RECORDED DATA:
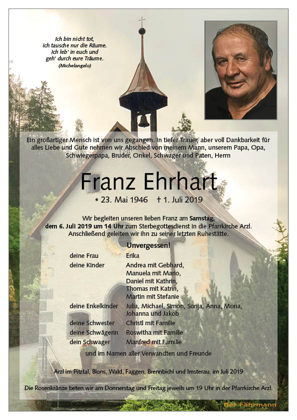 Wir haben gebetet und gehofft, dass Franz auch dieses Mal wieder gesund nach Hause kommt. Leider sollte es nicht sein. Er hat sein ganzes Leben lang nur das Beste gegeben. Wir sind stolz, dass wir mit Franz viele Jahre in Freundschaft leben durften. Bei vielen familiären Treffen hat die Großfamilie Franz respektiert, seinen Humor und herzliche Liebe hat jeder gerne genossen.
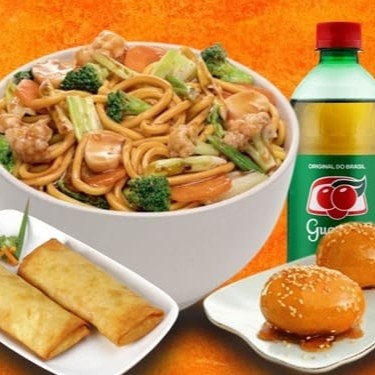 (02 Unidades no tamanho Pequeno, cada unidade serve 1 Pessoa) Saboroso macarrão chinês com carne, frango e legumes selecionados ao molho shoyu.
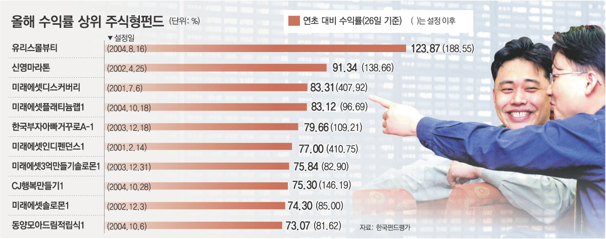 올해의 스타 펀드는 단연 ‘유리 스몰뷰티’다. 유리자산운용이 운용하는 이 펀드는 연초 대비 수익률이 123.87%로 주식형 펀드 가운데 수익률이 가장 높았다.
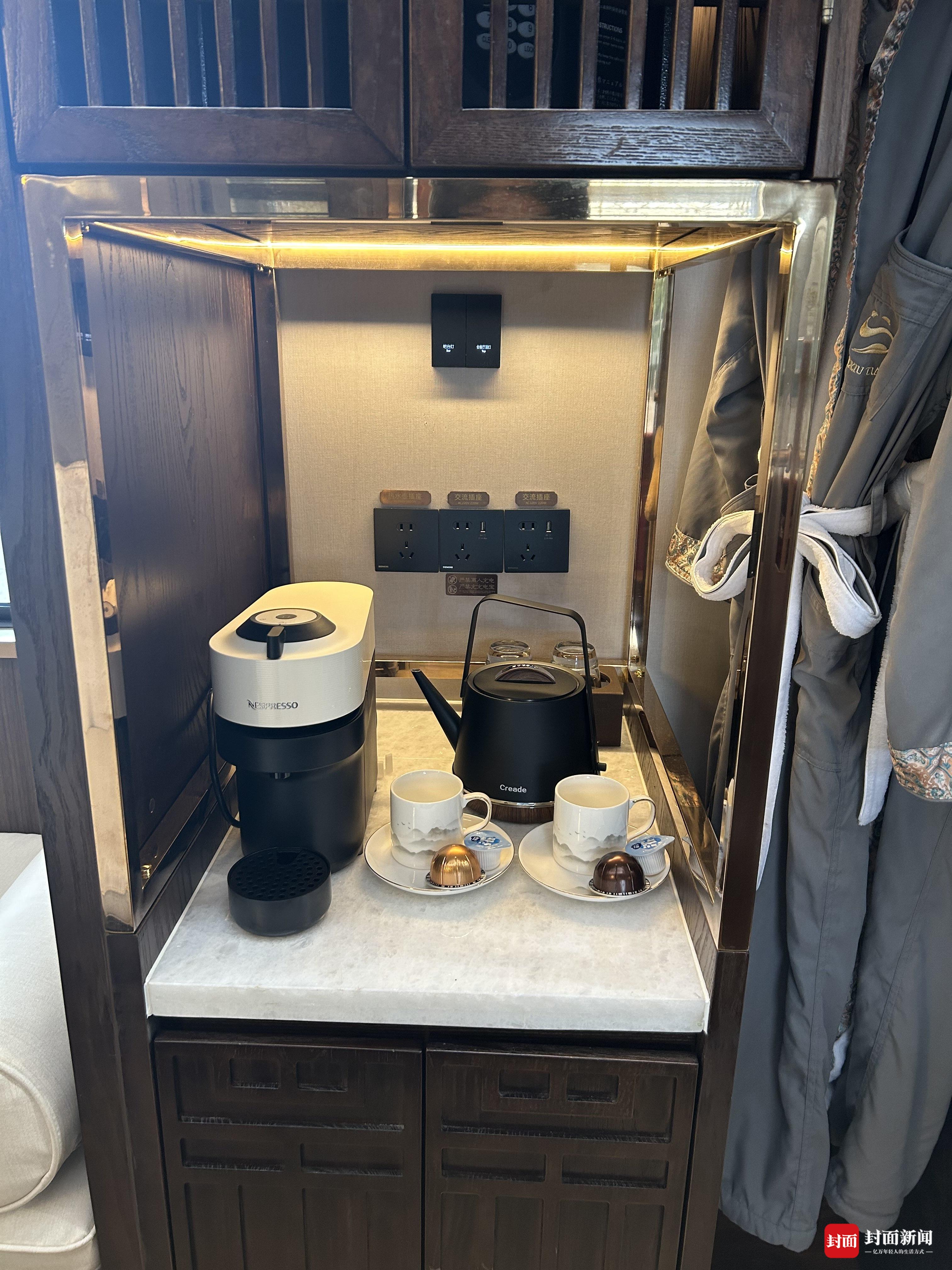 记者注意到,客房需要刷卡进入,跟酒店住宿相似。房间里配备了茶水吧和小冰箱,奢享房里还有胶囊咖啡机;房内均有干湿分离的卫浴间,免费提供浴袍。
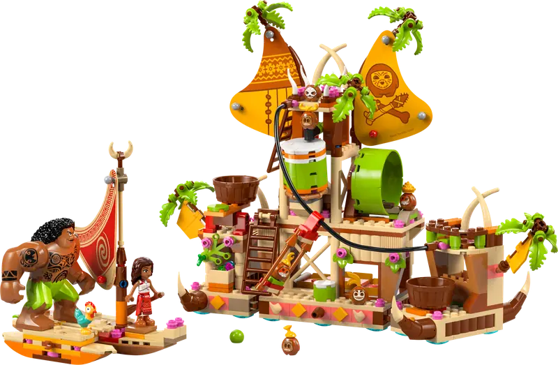 W zestawie znajduje się dziewięć postaci LEGO ǀ Disney: Vaiana, Maui, kurczak Heiheia, Kotu (bohater Kakamorów) oraz pięciu innych Kakamorów, co zachęca do odtwarzania scen i tworzenia własnych historii.
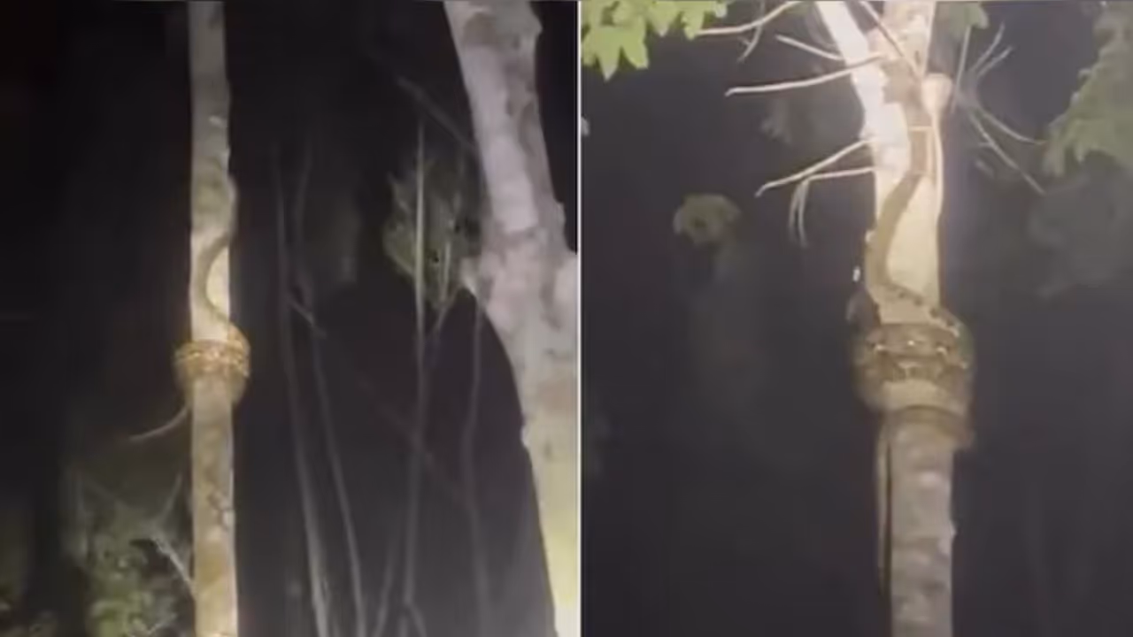 ವಿಡಿಯೋದ ಆರಂಭದಲ್ಲಿ, ಕೆಲವರು ಟಾರ್ಚ್ಲೈಟ್ ಸಹಾಯದಿಂದ ಕಾಡಿನಲ್ಲಿರುವ ಮರವನ್ನು ನೋಡುತ್ತಿರುವುದನ್ನು ಕಾಣಬಹುದು. ಕ್ಯಾಮೆರಾ ಜೂಮ್ ಮಾಡಿದ ತಕ್ಷಣ, ಒಂದು ಉದ್ದವಾದ ಹಾವು ಮರದ ಸುತ್ತಲೂ ಸುತ್ತಿಕೊಂಡಿರುವುದನ್ನು ಕಾಣಬಹುದು.
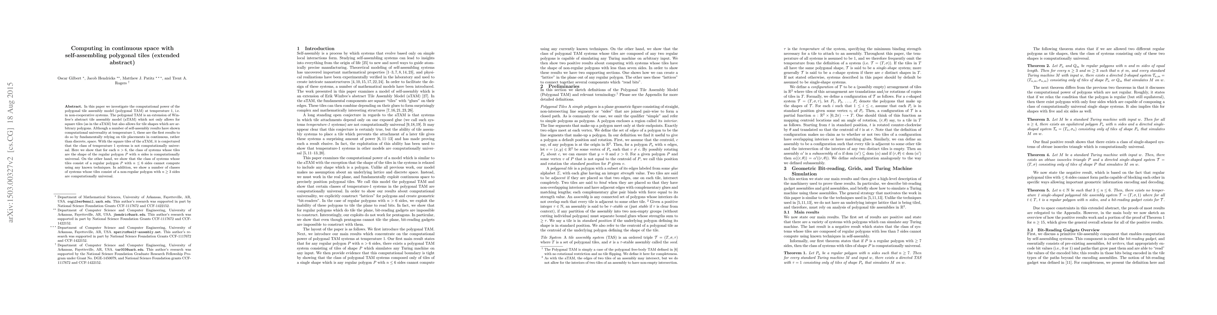 In this paper we investigate the computational power of the polygonal tile assembly model (polygonal TAM) at temperature 1, i.e. in non-cooperative systems. The polygonal TAM is an extension of Winfree's abstract tile assembly model (aTAM) which not only allows for square tiles (as in the aTAM) but also allows for tile shapes that are polygons. Although a number of self-assembly results have shown computational universality at temperature 1, these are the first results to do so by fundamentally relying on tile placements in continuous, rather than discrete, space. With the square tiles of the aTAM, it is conjectured that the class of temperature 1 systems is not computationally universal. Here we show that the class of systems whose tiles are composed of a regular polygon P with n > 6 sides is computationally universal. On the other hand, we show that the class of systems whose tiles consist of a regular polygon P with n <= 6 cannot compute using any known techniques. In addition, we show a number of classes of systems whose tiles consist of a non-regular polygon with n >= 3 sides are computationally universal.
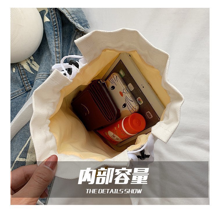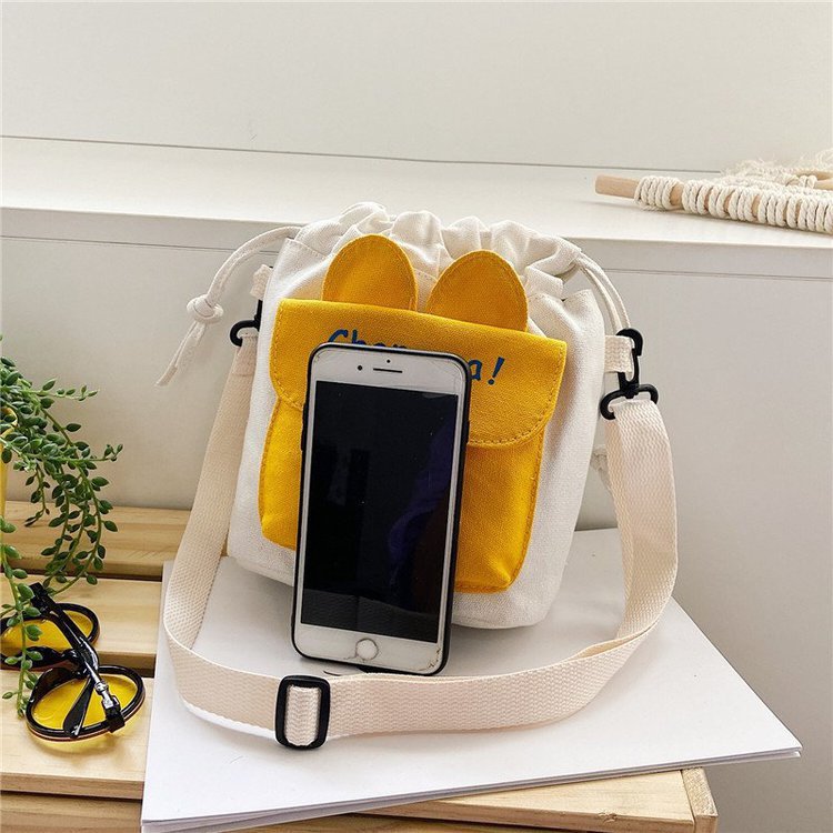 귀여운 캔버스 작은 가방 새로운 단색 작은 귀 크로스 바디 가방 여성의 Instagram 스타일 휴대 전화 가방 대용량 크로스 바디 백스토어 가기
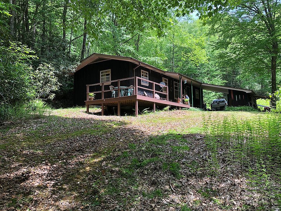 Retro off-grid cabin nestled deep in the Snowbird mountains of NC. This place truly is unlike anywhere else... the serenity, beauty, nature, scenery, etc. Everything in this home is reflective of the 60's and 70's. You will feel like you've stepped back in time. 2 spacious bedrooms on each end of the home. One half bath and one jack-and-jill full bathroom with a tub and shower. Open kitchen and living area with a brick, wood burning fireplace. This home runs off a Cummins home generator, updated a year ago. New spring water tank and pump system updated 6 months ago. All furnishings stay. Enjoy the creeks surrounding the home (out of flood plain), mountain views, trails, and 3 acres to roam. Large storage shed located on property that could be made into a bunk cabin. 45 minutes to an hour to the nearest town so come prepared. Showings after April 15th. Cash purchase only unless you can find a single family dwelling, off-grid lender. Must show proof of funds prior to showings (due to distance and drive time). Owner is a licensed GA Realtor.
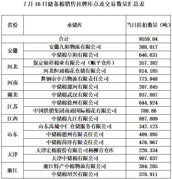 1、7月16日上市銷售儲(chǔ)備棉數(shù)據(jù)明細(xì)表(包包檢)
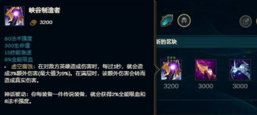 核心三件套选择遵循攻守平衡原则:峡谷制造者提供15%全能吸血与神话被动,纳什之牙转化40%攻速为AP加成,星界驱驰带来30技能急速。后续可补中亚沙漏增强团战容错,最终装备选择视局势搭配恶魔之拥或自然之力。
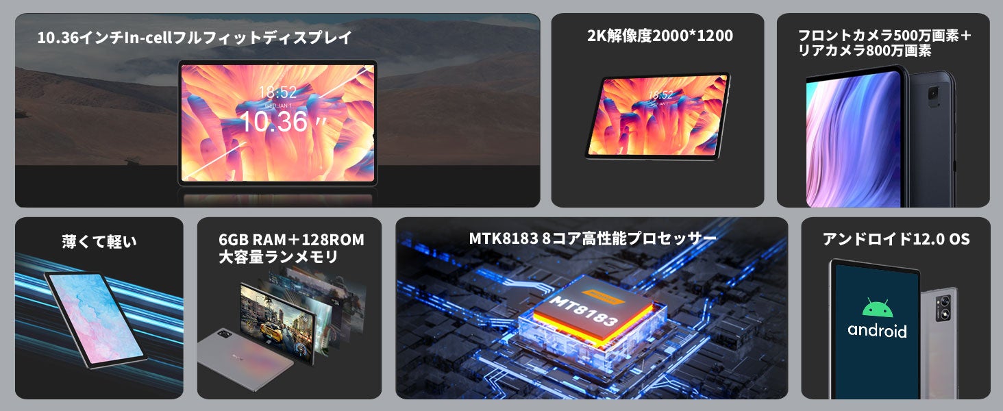 解像度1920×1200 FHD、輝度300cd/m2(Typ)の10.1インチBOEテクノロジーIPSディスプレイを搭載しています。色彩最適化技術T-Colour 2.0により、有害なブルーライトをカットしながら鮮やかな色彩を実現します。採用されたTDDI技術は、タッチセンサーを追加層なしで液晶の既存構造に組み込むことで、反射を大幅に減らし、光透過率を向上させ、画質を向上させることができます。
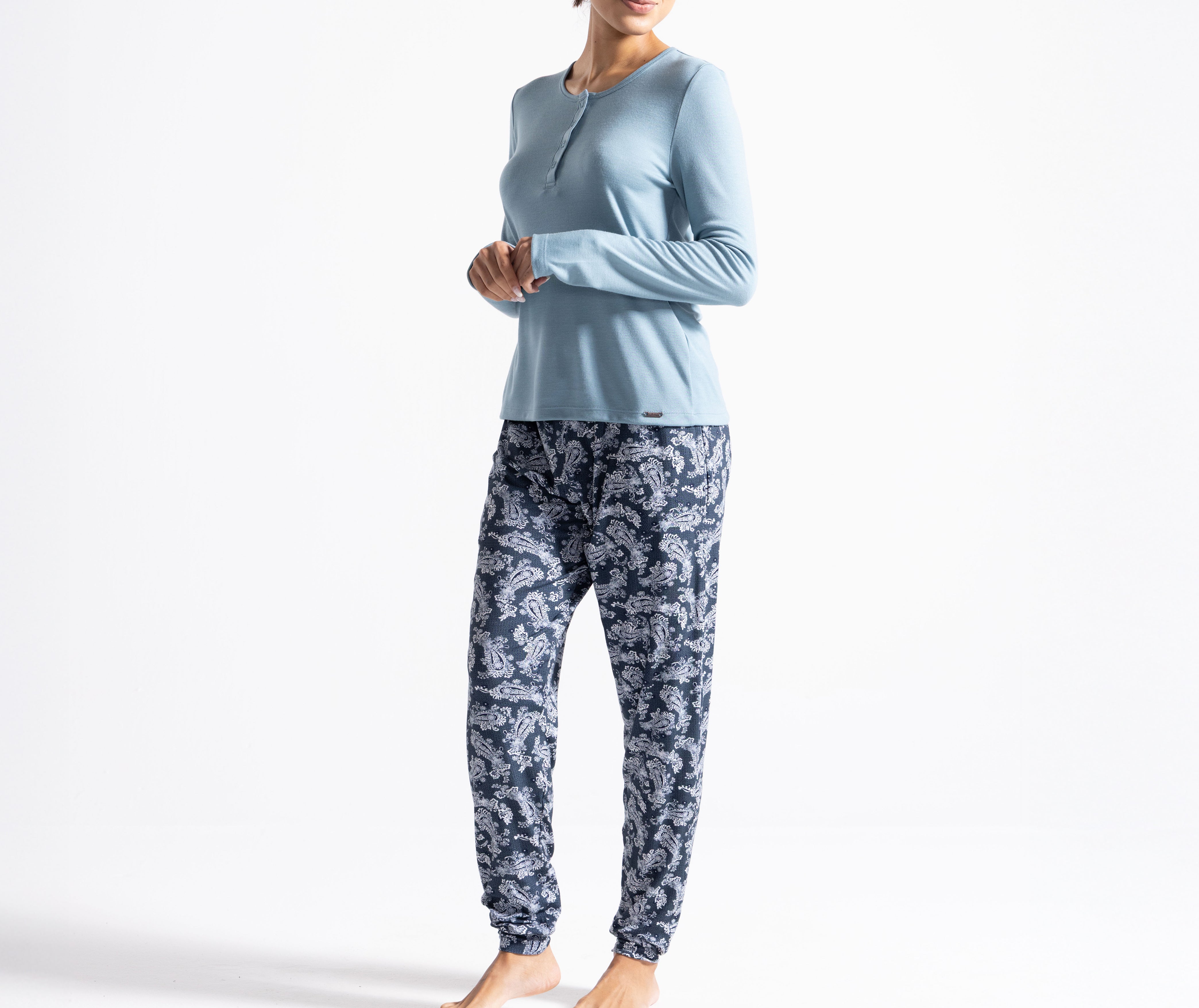 Embrace effortless elegance with our Tapestry of Soft Romance Long Sleeve Top. Designed with a flattering Henley neckline, this versatile piece is crafted from a premium blend of Modal and Polyester, offering a soft, breathable feel against the skin. Finished with Silver Plus technology, it provides enhanced freshness and long-lasting comfort.

INSTRUCTIONS FOR THE TASK: The task calls for duplicating the data exactly, with no images kept.

EXERCISE RESULT:
 Wir haben gebetet und gehofft, dass Franz auch dieses Mal wieder gesund nach Hause kommt. Leider sollte es nicht sein. Er hat sein ganzes Leben lang nur das Beste gegeben. Wir sind stolz, dass wir mit Franz viele Jahre in Freundschaft leben durften. Bei vielen familiären Treffen hat die Großfamilie Franz respektiert, seinen Humor und herzliche Liebe hat jeder gerne genossen.
 (02 Unidades no tamanho Pequeno, cada unidade serve 1 Pessoa) Saboroso macarrão chinês com carne, frango e legumes selecionados ao molho shoyu.
 올해의 스타 펀드는 단연 ‘유리 스몰뷰티’다. 유리자산운용이 운용하는 이 펀드는 연초 대비 수익률이 123.87%로 주식형 펀드 가운데 수익률이 가장 높았다.
 记者注意到,客房需要刷卡进入,跟酒店住宿相似。房间里配备了茶水吧和小冰箱,奢享房里还有胶囊咖啡机;房内均有干湿分离的卫浴间,免费提供浴袍。
 W zestawie znajduje się dziewięć postaci LEGO ǀ Disney: Vaiana, Maui, kurczak Heiheia, Kotu (bohater Kakamorów) oraz pięciu innych Kakamorów, co zachęca do odtwarzania scen i tworzenia własnych historii.
 ವಿಡಿಯೋದ ಆರಂಭದಲ್ಲಿ, ಕೆಲವರು ಟಾರ್ಚ್ಲೈಟ್ ಸಹಾಯದಿಂದ ಕಾಡಿನಲ್ಲಿರುವ ಮರವನ್ನು ನೋಡುತ್ತಿರುವುದನ್ನು ಕಾಣಬಹುದು. ಕ್ಯಾಮೆರಾ ಜೂಮ್ ಮಾಡಿದ ತಕ್ಷಣ, ಒಂದು ಉದ್ದವಾದ ಹಾವು ಮರದ ಸುತ್ತಲೂ ಸುತ್ತಿಕೊಂಡಿರುವುದನ್ನು ಕಾಣಬಹುದು.
 In this paper we investigate the computational power of the polygonal tile assembly model (polygonal TAM) at temperature 1, i.e. in non-cooperative systems. The polygonal TAM is an extension of Winfree's abstract tile assembly model (aTAM) which not only allows for square tiles (as in the aTAM) but also allows for tile shapes that are polygons. Although a number of self-assembly results have shown computational universality at temperature 1, these are the first results to do so by fundamentally relying on tile placements in continuous, rather than discrete, space. With the square tiles of the aTAM, it is conjectured that the class of temperature 1 systems is not computationally universal. Here we show that the class of systems whose tiles are composed of a regular polygon P with n > 6 sides is computationally universal. On the other hand, we show that the class of systems whose tiles consist of a regular polygon P with n <= 6 cannot compute using any known techniques. In addition, we show a number of classes of systems whose tiles consist of a non-regular polygon with n >= 3 sides are computationally universal.
 귀여운 캔버스 작은 가방 새로운 단색 작은 귀 크로스 바디 가방 여성의 Instagram 스타일 휴대 전화 가방 대용량 크로스 바디 백스토어 가기
 Retro off-grid cabin nestled deep in the Snowbird mountains of NC. This place truly is unlike anywhere else... the serenity, beauty, nature, scenery, etc. Everything in this home is reflective of the 60's and 70's. You will feel like you've stepped back in time. 2 spacious bedrooms on each end of the home. One half bath and one jack-and-jill full bathroom with a tub and shower. Open kitchen and living area with a brick, wood burning fireplace. This home runs off a Cummins home generator, updated a year ago. New spring water tank and pump system updated 6 months ago. All furnishings stay. Enjoy the creeks surrounding the home (out of flood plain), mountain views, trails, and 3 acres to roam. Large storage shed located on property that could be made into a bunk cabin. 45 minutes to an hour to the nearest town so come prepared. Showings after April 15th. Cash purchase only unless you can find a single family dwelling, off-grid lender. Must show proof of funds prior to showings (due to distance and drive time). Owner is a licensed GA Realtor.
 1、7月16日上市銷售儲(chǔ)備棉數(shù)據(jù)明細(xì)表(包包檢)
 核心三件套选择遵循攻守平衡原则:峡谷制造者提供15%全能吸血与神话被动,纳什之牙转化40%攻速为AP加成,星界驱驰带来30技能急速。后续可补中亚沙漏增强团战容错,最终装备选择视局势搭配恶魔之拥或自然之力。
 解像度1920×1200 FHD、輝度300cd/m2(Typ)の10.1インチBOEテクノロジーIPSディスプレイを搭載しています。色彩最適化技術T-Colour 2.0により、有害なブルーライトをカットしながら鮮やかな色彩を実現します。採用されたTDDI技術は、タッチセンサーを追加層なしで液晶の既存構造に組み込むことで、反射を大幅に減らし、光透過率を向上させ、画質を向上させることができます。
 Embrace effortless elegance with our Tapestry of Soft Romance Long Sleeve Top. Designed with a flattering Henley neckline, this versatile piece is crafted from a premium blend of Modal and Polyester, offering a soft, breathable feel against the skin. Finished with Silver Plus technology, it provides enhanced freshness and long-lasting comfort.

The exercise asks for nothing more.